Return every line of the records, exact and in full, until you have returned the line with "レディース トレンド 個性輝くこだわりニット(A1662)", and include none of the pictures.
*** Data for processing ***
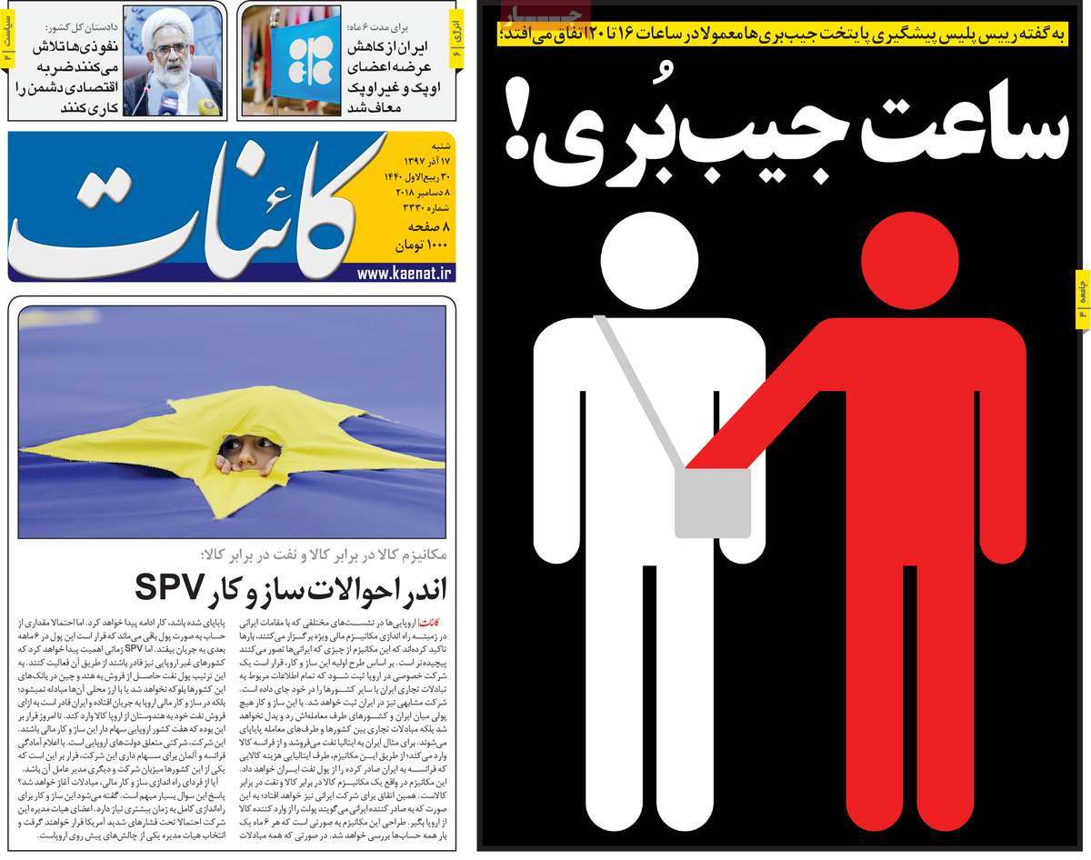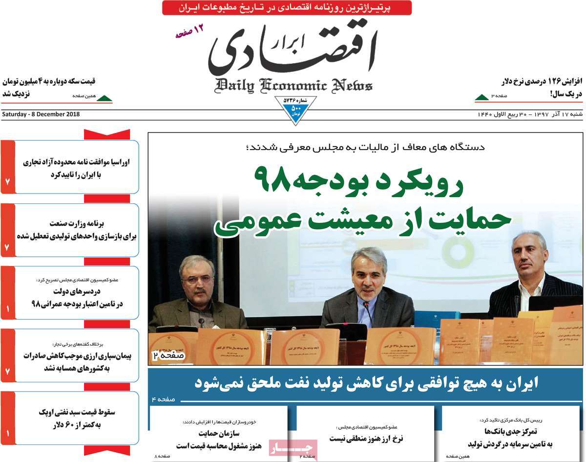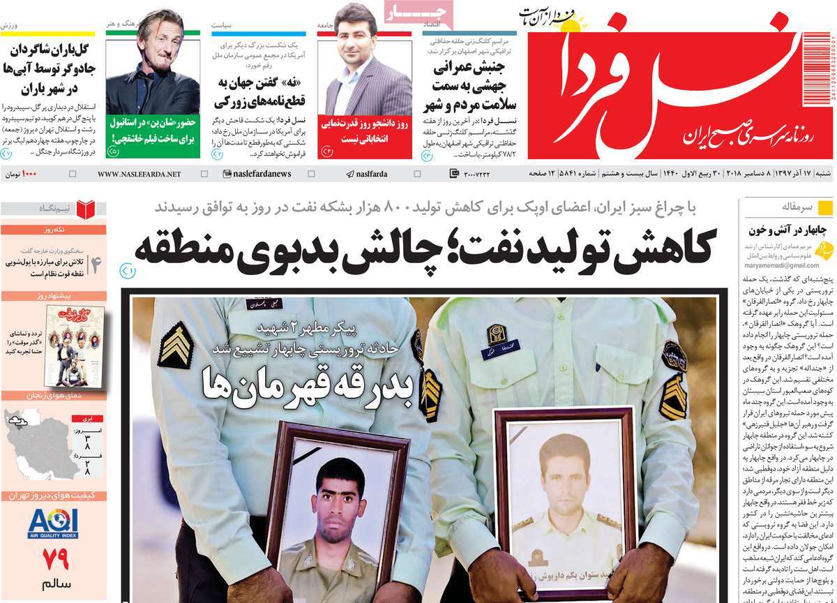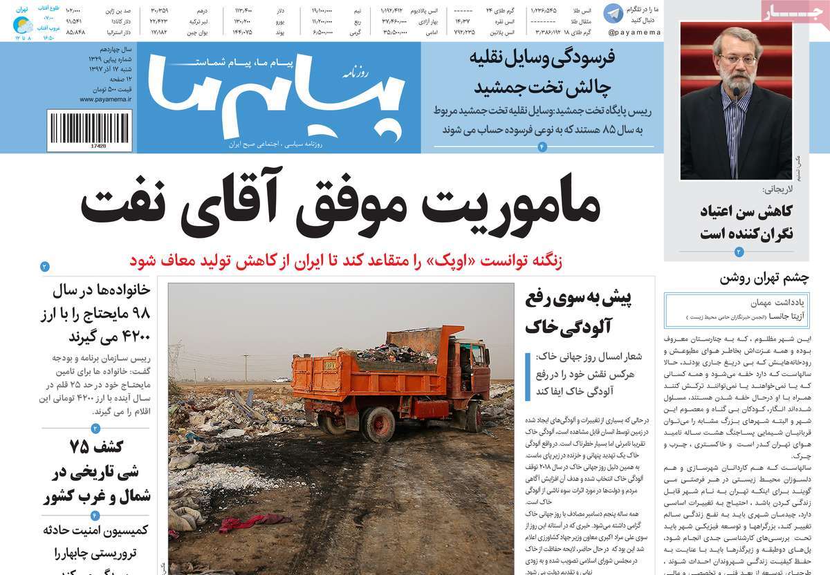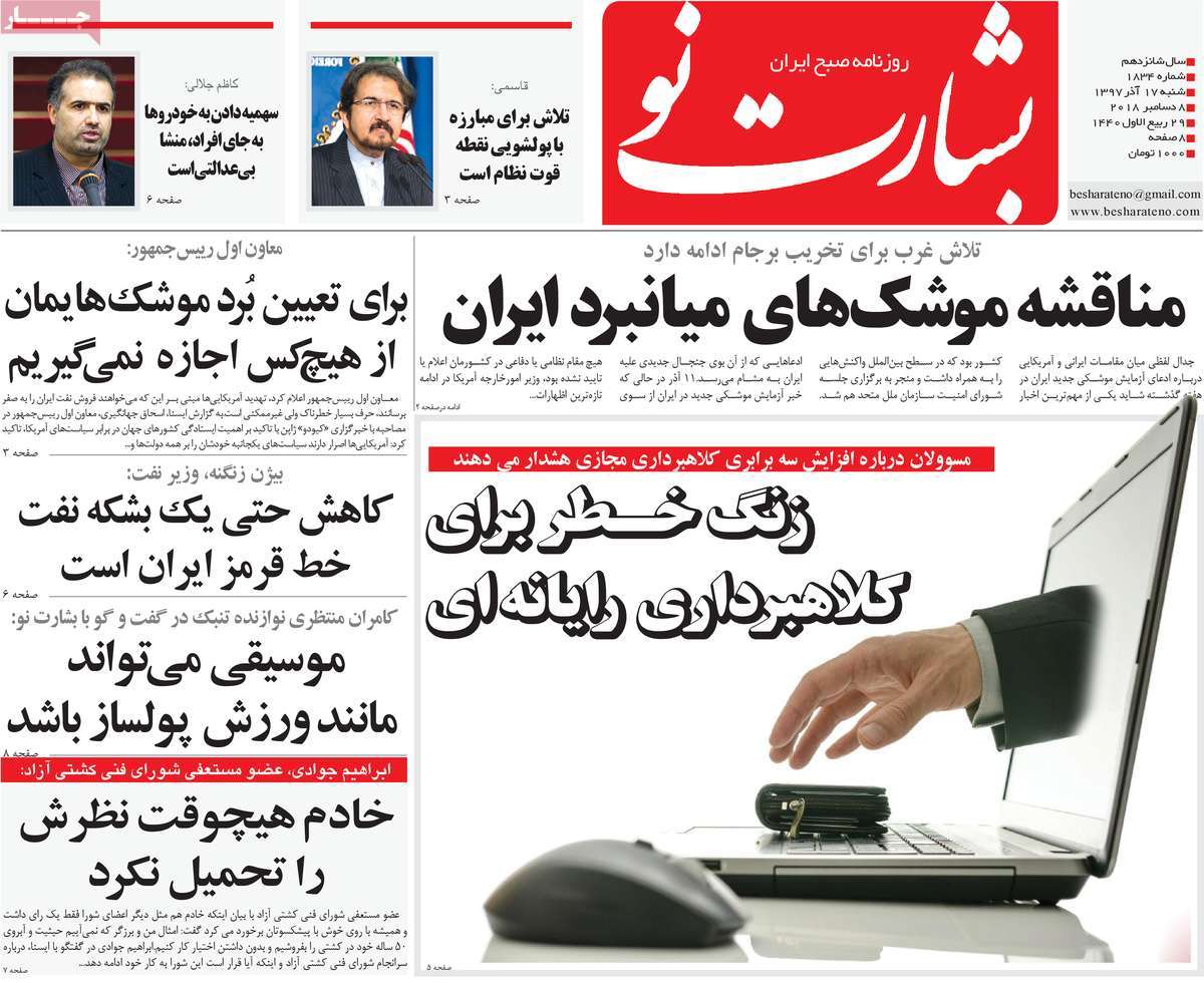 صفحه اول روزنامه های کشوری و استانی؛ شنبه 17 آذرماه 1397 /تصاویر
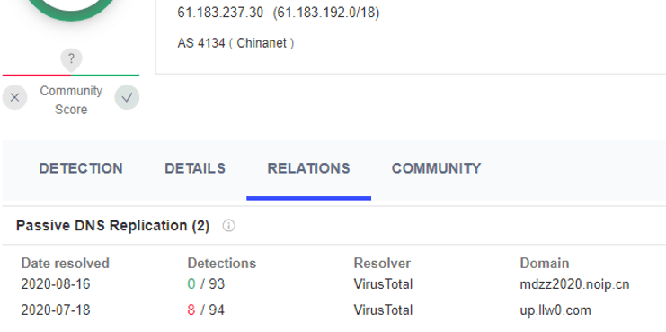 Up.llw0.com subdomain was resolved to 61.183.237.30 in July 2020, and mdzz2020.noip.cn was resolved to 61.183.237.30 in August of the same year. Mdz2020.noip.cn related files are also mostly remote control Trojans, combined with the last section of MDZ.2020.noip.cn domain name features, MDZ.2020.noip.cn is likely to be the same attack organization assets.
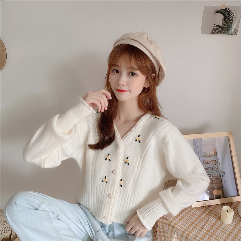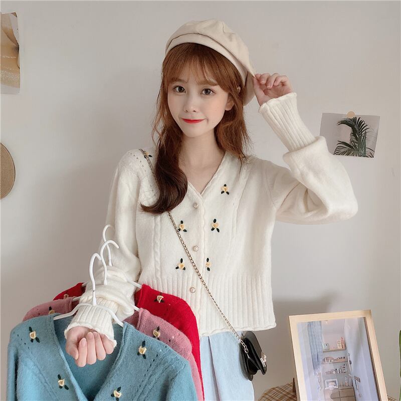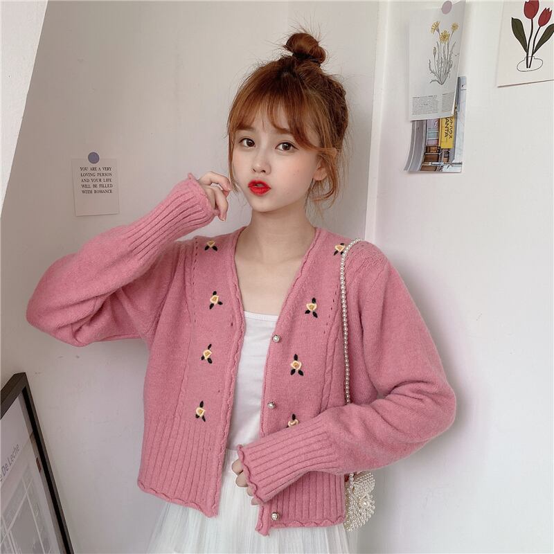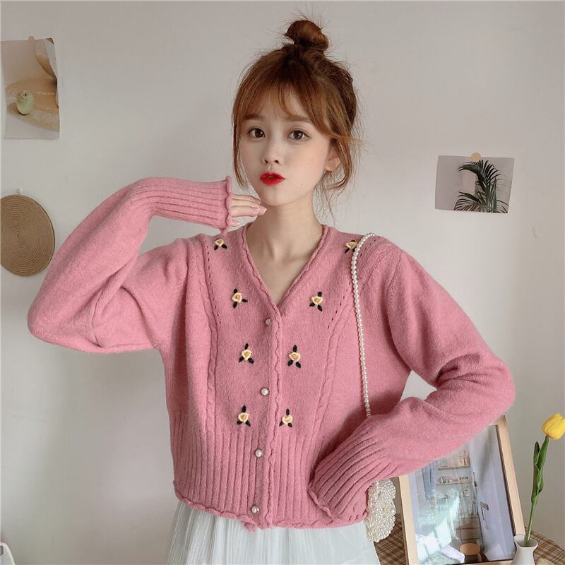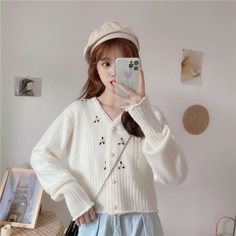【韓国通販 dgo】Vネック シングルブレスト カーディガン セーター 2020年 秋 レディース トレンド 個性輝くこだわりニット(A1662)
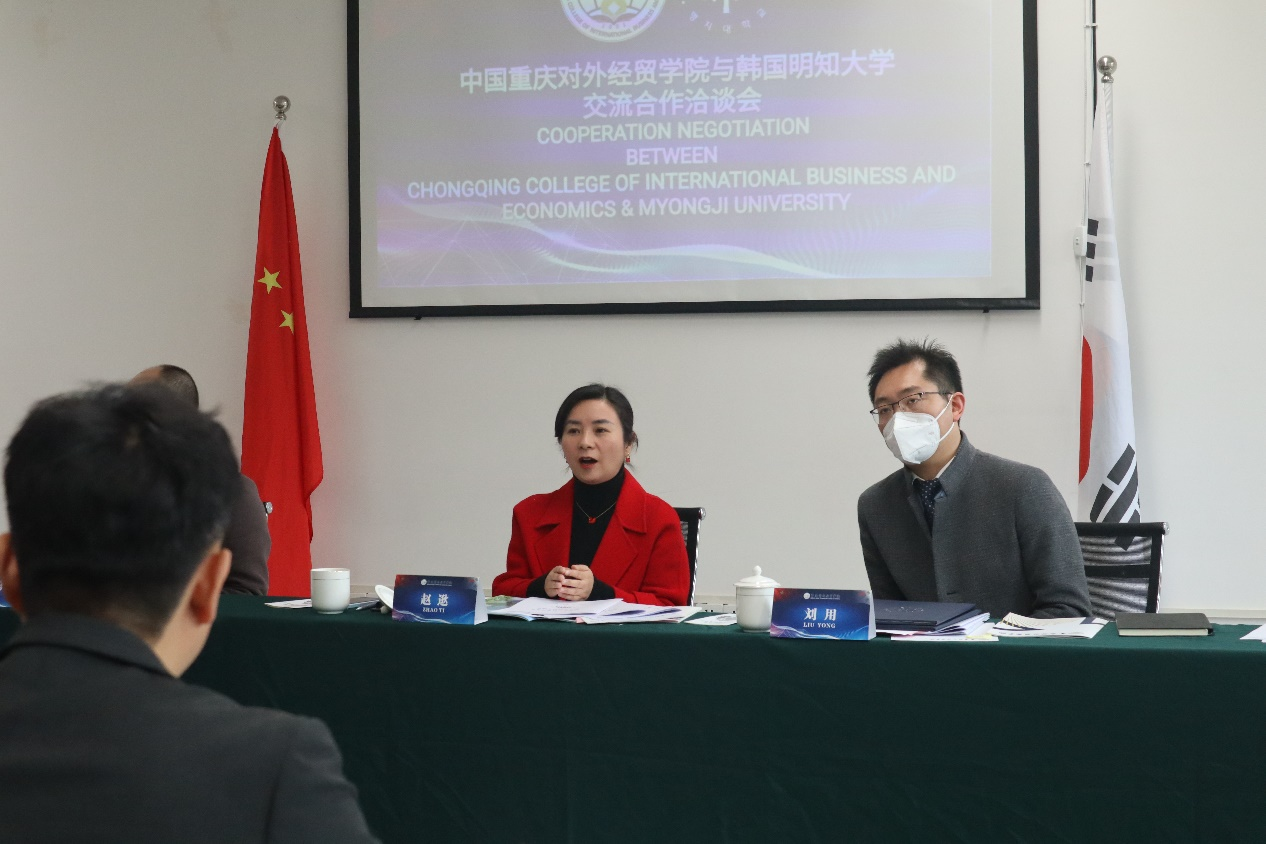 跨境商务学院院长赵逖、党总支书记任伟、副院长李艳,B校区管理与服务中心主任余勇,国际交流合作处处长刘用,以及相关工作人员出席了会谈。
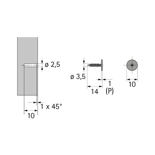 Gegenplatte Push to open zum Anschrauben, 2,5 x 10 mm
*** End of Data for processing ***
Result.
 صفحه اول روزنامه های کشوری و استانی؛ شنبه 17 آذرماه 1397 /تصاویر
 Up.llw0.com subdomain was resolved to 61.183.237.30 in July 2020, and mdzz2020.noip.cn was resolved to 61.183.237.30 in August of the same year. Mdz2020.noip.cn related files are also mostly remote control Trojans, combined with the last section of MDZ.2020.noip.cn domain name features, MDZ.2020.noip.cn is likely to be the same attack organization assets.
【韓国通販 dgo】Vネック シングルブレスト カーディガン セーター 2020年 秋 レディース トレンド 個性輝くこだわりニット(A1662)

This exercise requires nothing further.